_WHAT THE TASK ASKS_
Beginning with the line that holds "El festival Primavera", write out each line exactly as it stands until the end of the data, and include no pictures.

_ENTRIES PROVIDED_
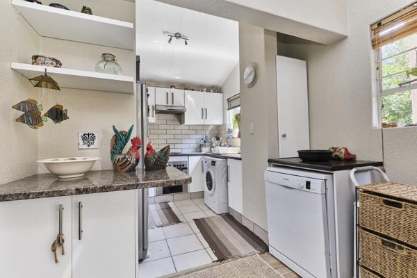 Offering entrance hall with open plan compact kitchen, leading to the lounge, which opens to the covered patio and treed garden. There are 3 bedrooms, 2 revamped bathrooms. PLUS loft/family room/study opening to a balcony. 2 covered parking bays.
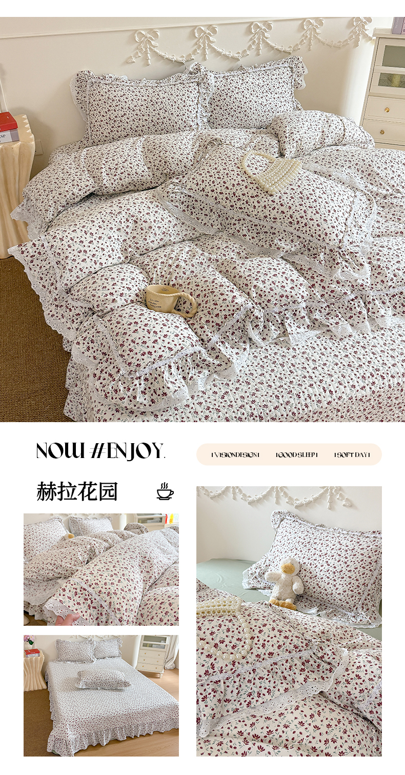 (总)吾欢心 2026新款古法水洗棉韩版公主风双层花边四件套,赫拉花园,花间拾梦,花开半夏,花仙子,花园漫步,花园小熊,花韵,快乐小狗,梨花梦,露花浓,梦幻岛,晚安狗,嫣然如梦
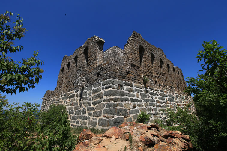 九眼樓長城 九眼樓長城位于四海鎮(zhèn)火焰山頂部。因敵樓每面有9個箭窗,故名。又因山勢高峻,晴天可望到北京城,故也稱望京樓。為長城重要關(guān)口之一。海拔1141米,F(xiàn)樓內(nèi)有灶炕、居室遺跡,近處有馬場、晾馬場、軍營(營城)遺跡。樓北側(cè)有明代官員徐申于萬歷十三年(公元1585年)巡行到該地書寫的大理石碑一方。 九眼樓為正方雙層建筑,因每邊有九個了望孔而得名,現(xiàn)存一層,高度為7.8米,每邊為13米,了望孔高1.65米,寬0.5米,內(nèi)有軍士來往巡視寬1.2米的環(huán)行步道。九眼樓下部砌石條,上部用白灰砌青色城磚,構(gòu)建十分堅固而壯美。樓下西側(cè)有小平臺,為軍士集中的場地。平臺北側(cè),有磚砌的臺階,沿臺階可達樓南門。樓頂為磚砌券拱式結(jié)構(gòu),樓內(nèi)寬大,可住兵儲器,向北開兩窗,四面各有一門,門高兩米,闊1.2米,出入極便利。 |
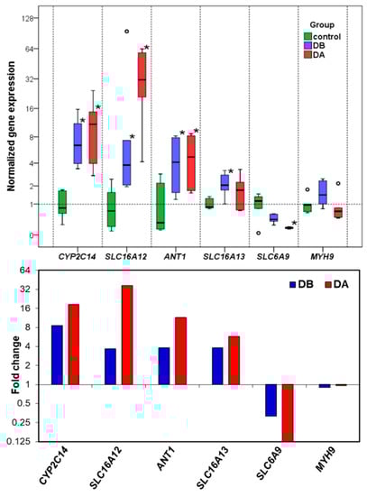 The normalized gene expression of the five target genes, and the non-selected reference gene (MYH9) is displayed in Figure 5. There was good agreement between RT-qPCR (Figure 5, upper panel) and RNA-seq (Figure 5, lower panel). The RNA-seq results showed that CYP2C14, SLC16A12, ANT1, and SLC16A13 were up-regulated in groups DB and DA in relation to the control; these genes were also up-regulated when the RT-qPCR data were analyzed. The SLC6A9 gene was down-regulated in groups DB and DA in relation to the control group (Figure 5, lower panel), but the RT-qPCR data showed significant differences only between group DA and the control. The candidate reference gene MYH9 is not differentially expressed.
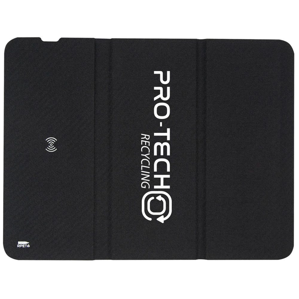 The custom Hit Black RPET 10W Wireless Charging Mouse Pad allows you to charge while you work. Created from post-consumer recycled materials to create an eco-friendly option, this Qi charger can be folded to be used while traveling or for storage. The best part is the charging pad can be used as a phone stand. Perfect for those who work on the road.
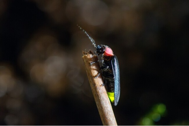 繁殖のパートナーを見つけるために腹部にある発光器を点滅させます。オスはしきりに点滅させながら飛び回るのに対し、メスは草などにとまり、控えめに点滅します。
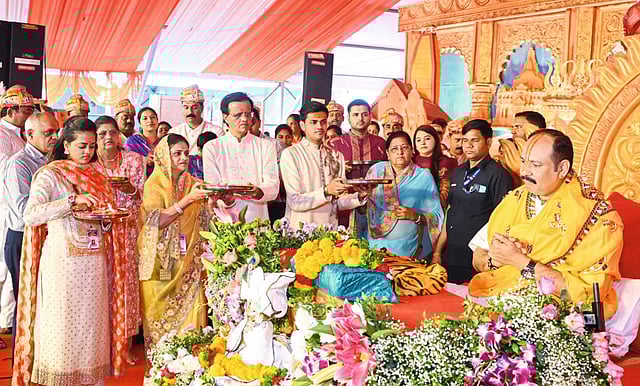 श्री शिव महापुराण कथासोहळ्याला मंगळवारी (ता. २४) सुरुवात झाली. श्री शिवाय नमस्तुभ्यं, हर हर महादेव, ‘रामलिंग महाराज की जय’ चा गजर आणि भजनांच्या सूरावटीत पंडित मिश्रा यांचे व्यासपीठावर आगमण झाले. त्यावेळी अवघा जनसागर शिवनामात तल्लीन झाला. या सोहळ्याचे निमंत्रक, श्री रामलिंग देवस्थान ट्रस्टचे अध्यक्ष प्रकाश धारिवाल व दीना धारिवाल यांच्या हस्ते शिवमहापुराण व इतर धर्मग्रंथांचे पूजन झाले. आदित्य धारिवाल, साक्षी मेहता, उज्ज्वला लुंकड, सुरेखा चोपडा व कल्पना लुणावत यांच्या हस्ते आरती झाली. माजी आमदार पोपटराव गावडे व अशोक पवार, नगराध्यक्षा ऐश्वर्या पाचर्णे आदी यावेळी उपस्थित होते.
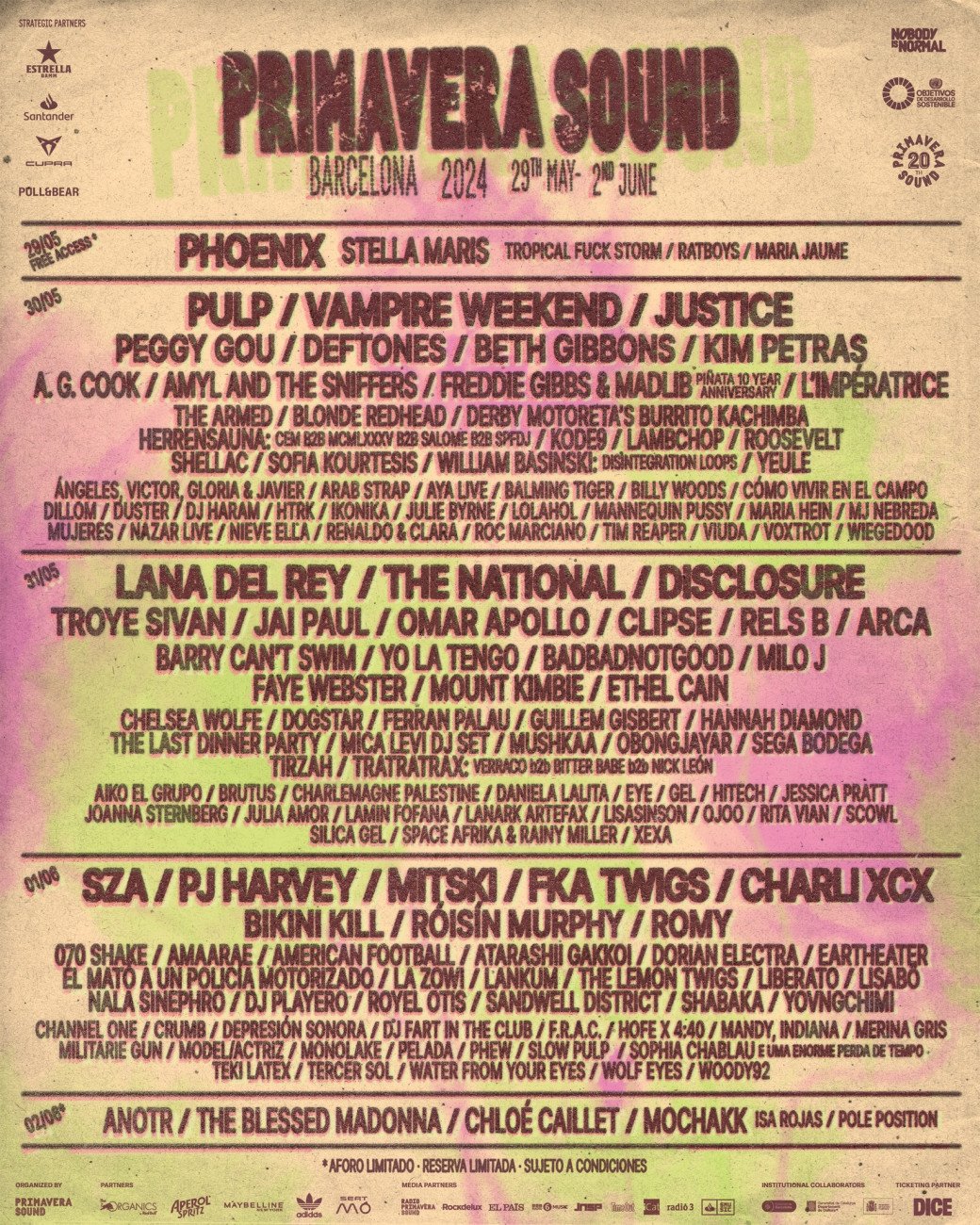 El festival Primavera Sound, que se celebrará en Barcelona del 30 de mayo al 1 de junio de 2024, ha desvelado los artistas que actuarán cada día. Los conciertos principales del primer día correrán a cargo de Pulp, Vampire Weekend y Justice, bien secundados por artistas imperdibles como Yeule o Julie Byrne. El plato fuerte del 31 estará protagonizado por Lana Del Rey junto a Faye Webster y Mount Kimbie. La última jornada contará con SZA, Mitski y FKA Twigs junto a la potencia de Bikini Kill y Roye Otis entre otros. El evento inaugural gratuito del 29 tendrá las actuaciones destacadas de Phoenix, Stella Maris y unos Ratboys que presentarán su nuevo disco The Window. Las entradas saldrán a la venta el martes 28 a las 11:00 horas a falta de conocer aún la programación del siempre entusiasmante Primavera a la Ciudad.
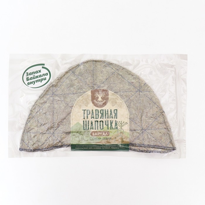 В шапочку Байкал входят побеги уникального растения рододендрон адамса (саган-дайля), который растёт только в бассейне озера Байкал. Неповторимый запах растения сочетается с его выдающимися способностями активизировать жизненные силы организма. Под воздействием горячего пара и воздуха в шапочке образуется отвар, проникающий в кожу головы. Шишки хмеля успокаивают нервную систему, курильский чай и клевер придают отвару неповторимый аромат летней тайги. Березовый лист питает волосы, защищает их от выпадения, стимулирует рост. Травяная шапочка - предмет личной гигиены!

_FINISHED TASK_
 El festival Primavera Sound, que se celebrará en Barcelona del 30 de mayo al 1 de junio de 2024, ha desvelado los artistas que actuarán cada día. Los conciertos principales del primer día correrán a cargo de Pulp, Vampire Weekend y Justice, bien secundados por artistas imperdibles como Yeule o Julie Byrne. El plato fuerte del 31 estará protagonizado por Lana Del Rey junto a Faye Webster y Mount Kimbie. La última jornada contará con SZA, Mitski y FKA Twigs junto a la potencia de Bikini Kill y Roye Otis entre otros. El evento inaugural gratuito del 29 tendrá las actuaciones destacadas de Phoenix, Stella Maris y unos Ratboys que presentarán su nuevo disco The Window. Las entradas saldrán a la venta el martes 28 a las 11:00 horas a falta de conocer aún la programación del siempre entusiasmante Primavera a la Ciudad.
 В шапочку Байкал входят побеги уникального растения рододендрон адамса (саган-дайля), который растёт только в бассейне озера Байкал. Неповторимый запах растения сочетается с его выдающимися способностями активизировать жизненные силы организма. Под воздействием горячего пара и воздуха в шапочке образуется отвар, проникающий в кожу головы. Шишки хмеля успокаивают нервную систему, курильский чай и клевер придают отвару неповторимый аромат летней тайги. Березовый лист питает волосы, защищает их от выпадения, стимулирует рост. Травяная шапочка - предмет личной гигиены!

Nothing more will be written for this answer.